2.4. Processing of sequence data Raw sequences were processed and checked using pipelines built using mothur and QIIMe tool, and were trimmed and filtered according to previously described methods (Huse et al., 2007). After low-quality reads were removed, representative sequences were annotated using an alignment tool (BLAST) by searching against the Ribosomal Database Project and the Silva database augmented with sequences from major marine fungal taxa (for 18S rRNA sequences) (Quast et al., 2013). We assigned OTUs at a 3% sequence clustering level using the UPARSE (version 7.1; http://drive5.com/uparse/) pipeline (Edgar et al., 2011). To prevent artificial diversity inflation, singletons were removed as putative sequencing errors or PCR amplification artifacts (Kunin et al., 2010). The sequence data reported here have been deposited in the NCBI GenBank database under the accession number SUB3073913.
2.8. Functional prediction The functional prediction of fungi were carried out using FUNGuild software (https://omictools.com/fungi-functional-guild-tool) and the dataset of (Tedersoo et al., 2014; Nguyen et al., 2016), resulting in 2238 OTUs with identified functional guilds. Only sequence taxonomy identity above 93% and the guild confidence ranking assigned to “highly probable” and “probable” was accepted. Guilds were combined as follows: symbiotroph is equivalent to mycoparasite; pathogen include plant pathogen and animal pathogen; saprotroph include endophytic saprotroph, parasitic saprotroph and undefined saprotroph; other major species include ericoid mycorrhizal, lichenized and arbuscular mycorrhizal. The taxa could not reliably be placed into a single functional group and were listed as unknown. These combinations were made to reflect the key questions about fungal functional change resulting from HAB events. Differences in proportions of symbiotrophs, saprotrophs and pathogens were calculated among the different blooming stages. The differences were tested against a null hypothesis of no difference between pairs using a Wilcoxon signed-rank test with a 95% confidence interval, p < 0.05 (Wilcoxon and Wilcox, 1964).
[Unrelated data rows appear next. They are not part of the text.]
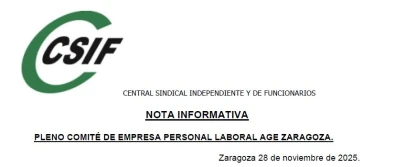 Comité de Empresa Personal Laboral AGE Zaragoza. Nota Informativa CSIF del Pleno del 28-11-25
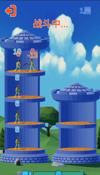 3、操作也相当简单,移动你的小人不断消灭高塔的上敌人,增加头上的数值。
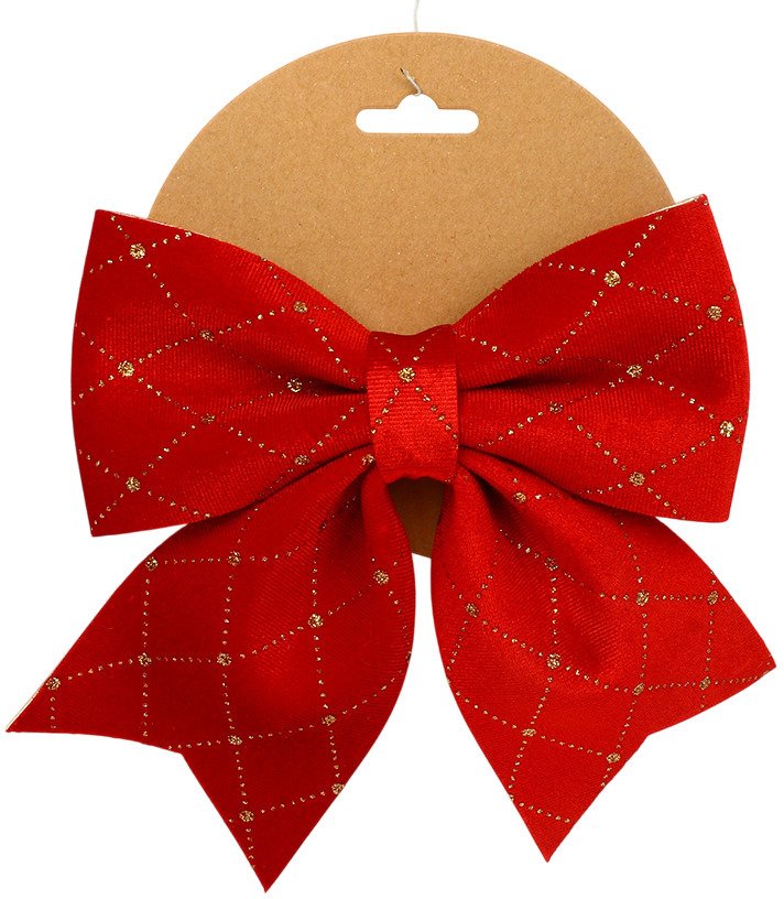 Яркий красный бант — идеальный акцент для новогоднего декора! Размер 15х20см делает его заметным, но не громоздким: он гармонично дополнит подарочную упаковку, ёлочную игрушку, праздничный венок или интерьерный ансамбль.
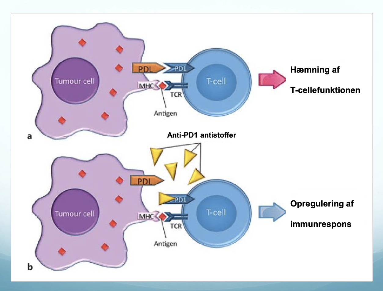 De mest anvendte antistoffer (nivolumab og pembrolizumab) virker ved at blokere et immunhæmmende protein (PD-1) på overfladen af T-cellerne.
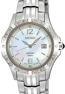 Seiko SXDE19 Lady wrist watch from Seiko Coutura Collection. SEIKO Japanese Quartz movement. Stainless steel case with diamonds on the bezel. Mother-of-pearl dial with date calendar. Stainless steel watch bracelet.
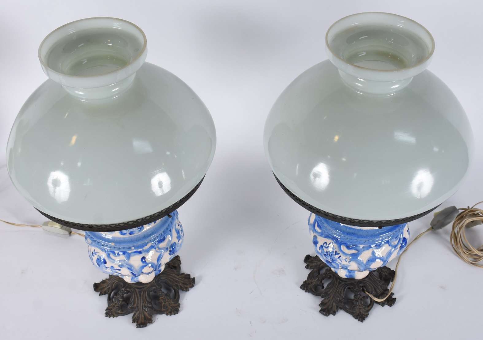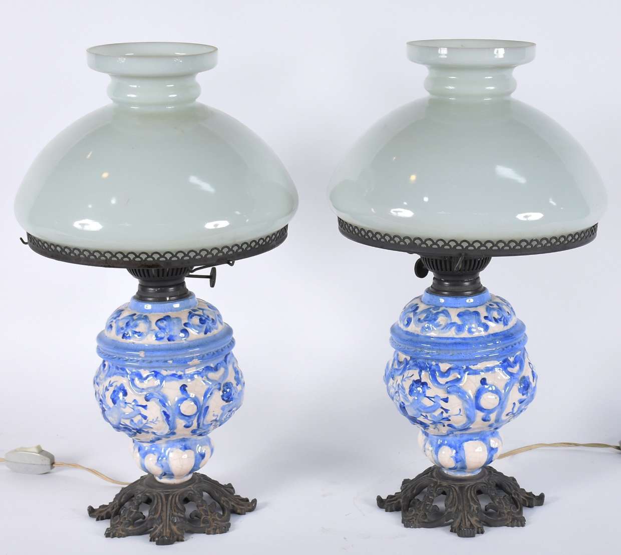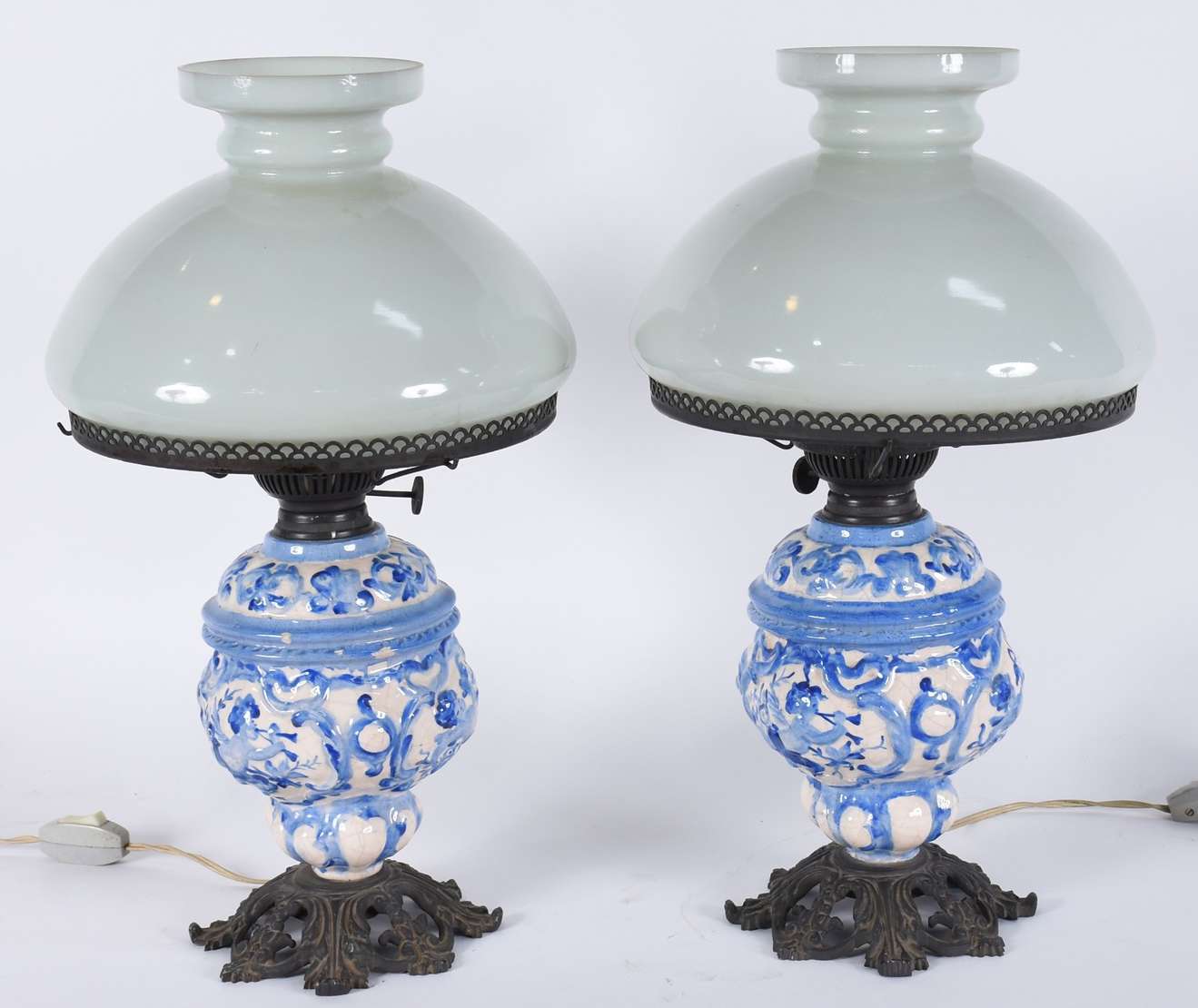 Par de antigos vasos de porcelana chinesa decorados com figuras em policromia, adaptados para Abatjour, um deles com ...

2.5. Community structure analysis Heatmaps of eukaryote fungi communities were created using the PHYLOTEMP tool (http://www.phylotemp.microeco.org) developed by Polson (2007), whereby relative abundance data from sample libraries were clustered based on the Bray-Curtis similarity algorithm. For higher resolution of relationships at the genus level, the 18S rRNA gene sequences generated in this study were compared with known sequences using BLAST. Sequences were aligned with the Clustal W program (Thompson et al., 1994), and phylogenetic analyses performed with the MEGA 4.0 software package using the neighbor-joining method (Tamura et al., 2007). Clustering analysis was implemented using Online Bayesian Software (http://openscholarship.wustl.edu/cse_ research/15). 2.6. Statistical analyses Alpha-diversity and beta-diversity indices for each sample were calculated using the Mothur software package (Schloss et al., 2009). Statistical differences in taxa abundance were calculated with a Welch's t-test in the STAMP program (Welch, 1947). The structure of the fungal community at each sampling time was compared by nonmetric multidimensional scaling. Statistical tools [canonical correspondence analysis (CCA) or principal component analysis (PCA)] were applied to evaluate relationships between fungal community composition and environmental parameters. Variation partitioning analysis (VPA) was conducted to examine the contribution of environmental factors in influencing microbial communities according to the CCA analysis. All significant differences were defined as a p-value of < 0.05. Groups were compared using the Statistical Analysis of Metagenomic Profile package, STAMP (http://kiwi.cs.dal.ca/Software/STAMP) (Parks and Beiko, 2010). The tested environmental variables (NH4+, NO2−, NO3−, PO43−, pH, salinity, and temperature) were calculated using SPSS 10.0 software (SPSS, Chicago, USA).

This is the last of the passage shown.